Verstehe nicht so ganz wie ich das lösen soll. Was genau war deine Lösung? G Skill treiber nehmen dafür oder wie meinst?


----------



## Maze0806 (18. Dezember 2018)

Also ich konnte wenn Mystic Light und die G.Skill Software installiert war den RAM über Mystic Light garnicht steuern. Ich habe dann die G.Skill Software deinstalliert und jetzt geht es. Mystic Light hat halt nicht so viele Funktionen wie die Software von G.Skill. Ich weiß nicht wie das bei Aura ist.


----------



## Cody_GSK (20. Dezember 2018)

ASUS Aura enthält den vollen Funktionsumfang von Trident Z RGB Control für die LED Steuerung der Module.

Die Konfigurationsmöglichkeiten in Mystic Light werden von MSI mit zukünftigen Updates voraussichtlich noch erweitert.

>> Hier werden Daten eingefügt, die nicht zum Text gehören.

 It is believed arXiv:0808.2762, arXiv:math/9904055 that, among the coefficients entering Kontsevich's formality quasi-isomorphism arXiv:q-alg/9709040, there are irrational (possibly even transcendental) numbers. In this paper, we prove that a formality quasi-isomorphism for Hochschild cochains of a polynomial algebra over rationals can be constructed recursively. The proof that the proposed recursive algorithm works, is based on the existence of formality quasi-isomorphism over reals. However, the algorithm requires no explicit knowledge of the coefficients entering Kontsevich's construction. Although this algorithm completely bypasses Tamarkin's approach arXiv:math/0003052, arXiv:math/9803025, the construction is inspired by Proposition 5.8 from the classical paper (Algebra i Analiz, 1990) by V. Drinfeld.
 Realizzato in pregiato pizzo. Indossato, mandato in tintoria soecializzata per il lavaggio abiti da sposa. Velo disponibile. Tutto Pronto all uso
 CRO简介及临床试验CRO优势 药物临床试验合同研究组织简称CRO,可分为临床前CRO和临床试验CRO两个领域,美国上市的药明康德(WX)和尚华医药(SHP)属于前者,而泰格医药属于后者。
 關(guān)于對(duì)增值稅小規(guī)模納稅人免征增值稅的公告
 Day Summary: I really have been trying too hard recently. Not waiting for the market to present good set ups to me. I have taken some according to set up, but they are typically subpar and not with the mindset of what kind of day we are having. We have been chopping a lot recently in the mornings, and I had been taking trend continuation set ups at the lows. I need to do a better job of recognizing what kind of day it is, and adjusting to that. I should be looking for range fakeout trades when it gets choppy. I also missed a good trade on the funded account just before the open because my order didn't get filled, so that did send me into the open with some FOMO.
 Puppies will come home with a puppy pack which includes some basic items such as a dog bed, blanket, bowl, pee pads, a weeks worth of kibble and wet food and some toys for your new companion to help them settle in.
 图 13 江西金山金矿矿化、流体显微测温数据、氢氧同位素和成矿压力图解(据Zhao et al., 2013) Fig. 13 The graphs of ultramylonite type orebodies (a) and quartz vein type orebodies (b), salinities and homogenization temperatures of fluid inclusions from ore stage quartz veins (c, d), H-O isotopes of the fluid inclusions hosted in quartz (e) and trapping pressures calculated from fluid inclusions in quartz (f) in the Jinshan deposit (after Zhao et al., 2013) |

Ich werde dein Feedback an unsere Softwareentwickler weiter geben.

Gruß

Cody

G.SKILL Deutschland
Tech Support Team


----------



## Diablovr6 (23. Januar 2019)

Hallo zusammen,
ich habe das Problem das nach einem Neustart die Speicher ausgeschaltet sind. Erst über die G-Skill Software kann ich diese wieder einschalten. Komisch ist, dass laut der Software die Speicher eingeschaltet sind. Somit muss ich diese erst ausschalten und dann wieder einschalten.
In MysticLights sind meine Speicher nicht einstellbar als wenn die nicht mit LED versehen wären...


----------



## Cody_GSK (29. Januar 2019)

Hallo

Welches MSI Mainboard verwendest du?

Hattest du Mystic Light, Trident Z RGB Control und eventuell noch andere RGB Software parallel installiert? Generell sollte Mystic Light die Beleuchtungssteuerung der Trident Z RGB unterstützen, je nach Plattform wird jedoch der Hintergrunddienst LightingService von Trident Z RGB Control benötigt, um alle Module ansteuern zu können (die G.SKILL Software muss nur installiert sein, nicht gestartet werden).

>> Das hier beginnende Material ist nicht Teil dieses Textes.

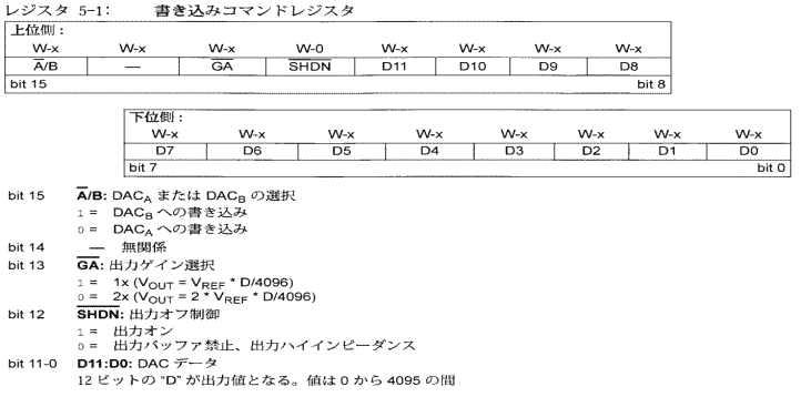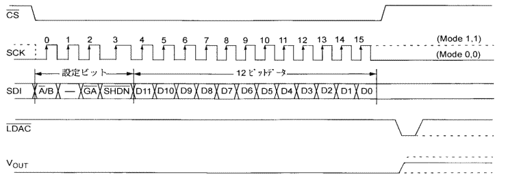 下記のタイミングチャート、書き込みコマンドレジスタへの書き込み要領にしたがってパルスを送ります。MCP 4822
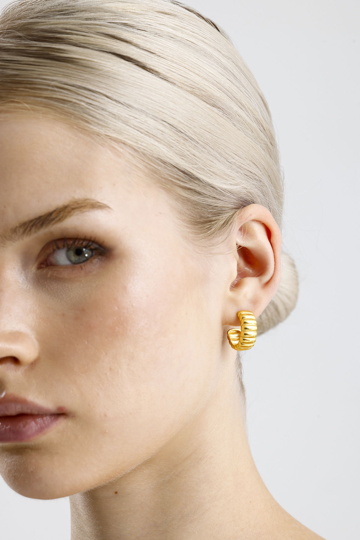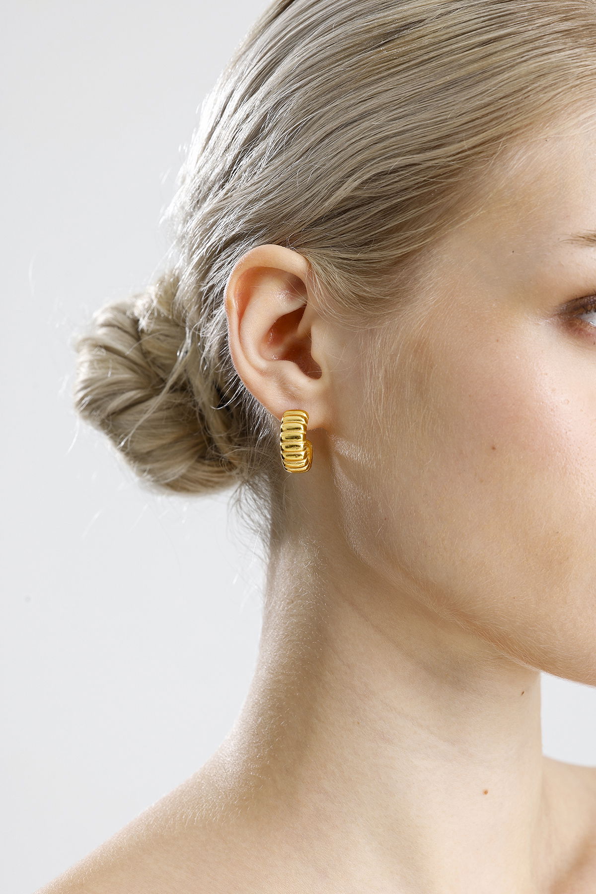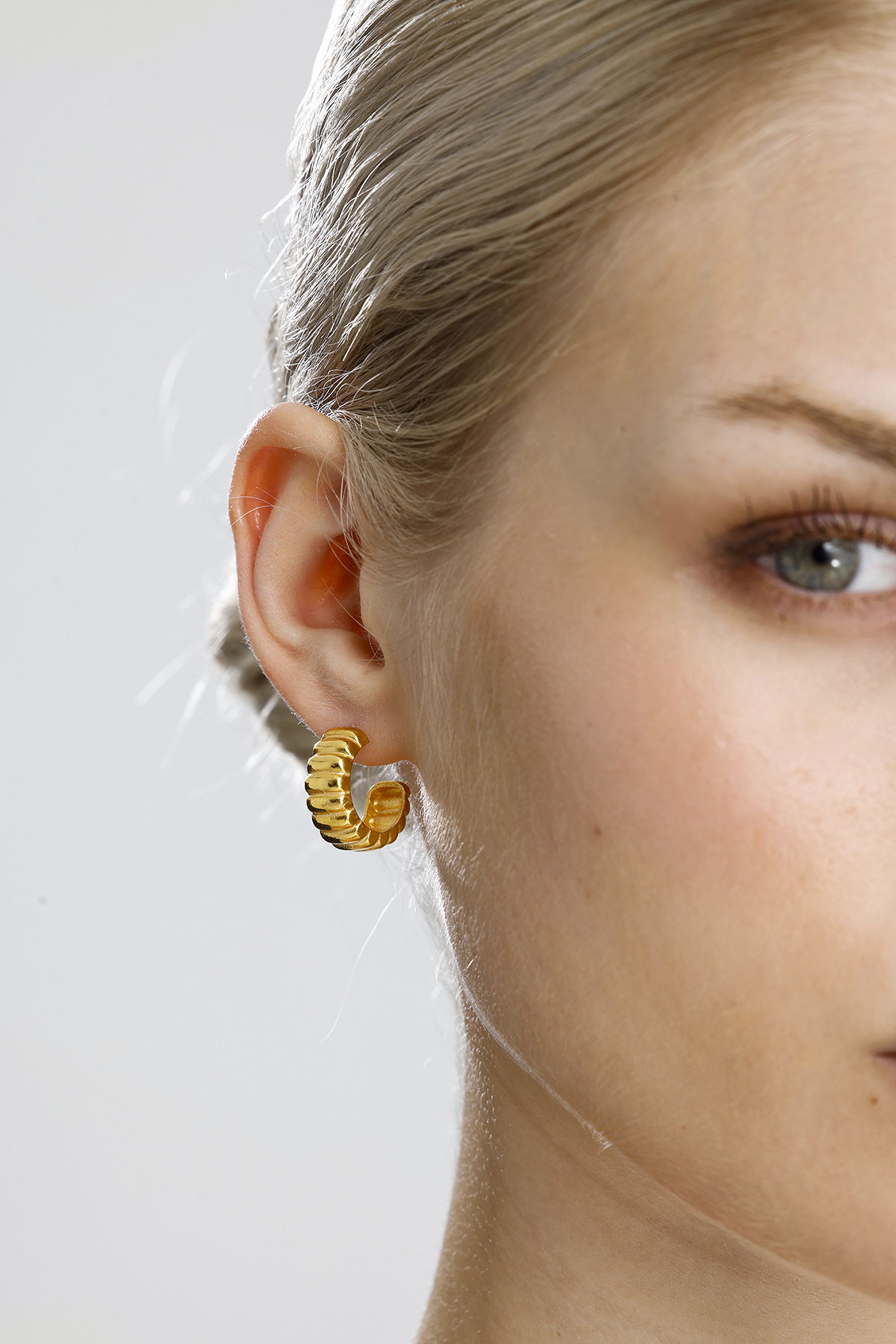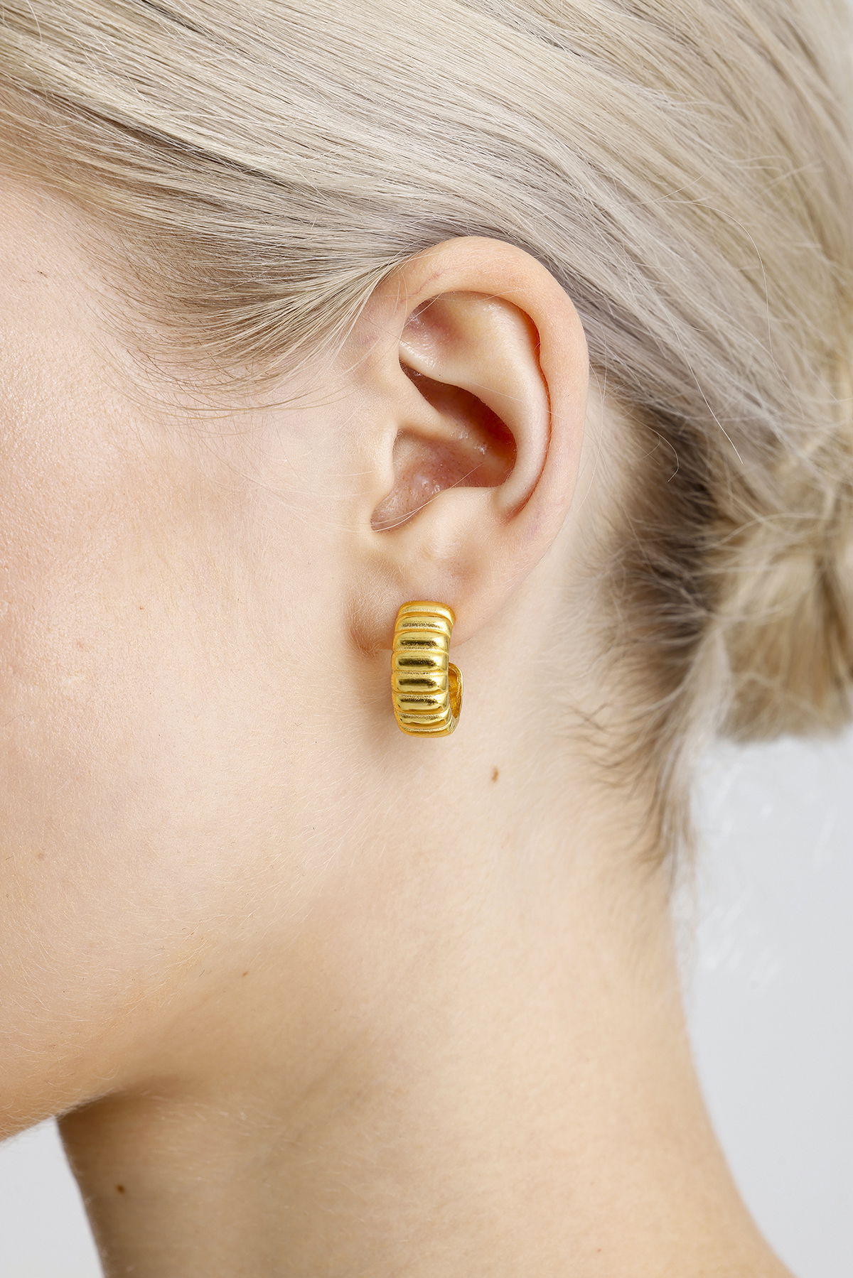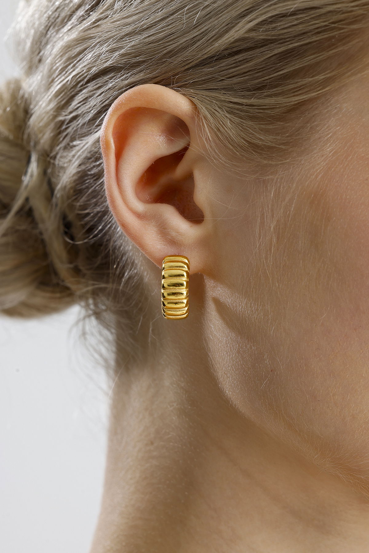 Gelince Haber VerModern ve dikkat çekici tasarımıyla öne çıkan bu küpe, yarım halka formu üzerine işlenmiş kabartmalı detaylarıyla farklı bir ışıltı sunuyor. Gümüş üzerine altın kaplama ile üretilmiş olup, hem günlük şıklığınızı tamamlar hem de özel davetlerde zarif bir aksesuar olarak öne çıkar. Hafif ve konforlu yapısı sayesinde gün boyu rahatlıkla kullanılabilir.

Wenn die Module beim Systemstart normal leuchten und die Beleuchtung erst in Windows erlischt, dann wird diese von einer installierten Software deaktiviert, sobald die entsprechende Komponente geladen wurde. In Frage dafür kommt jede Anwendung welche eine eigene LED Steuerung mitbringt, dazu zählen neben den Mainboard LED Suiten auch einige Spiele wie Black Ops 4.

Gruß

Cody

G.SKILL Deutschland
Tech Support Team


----------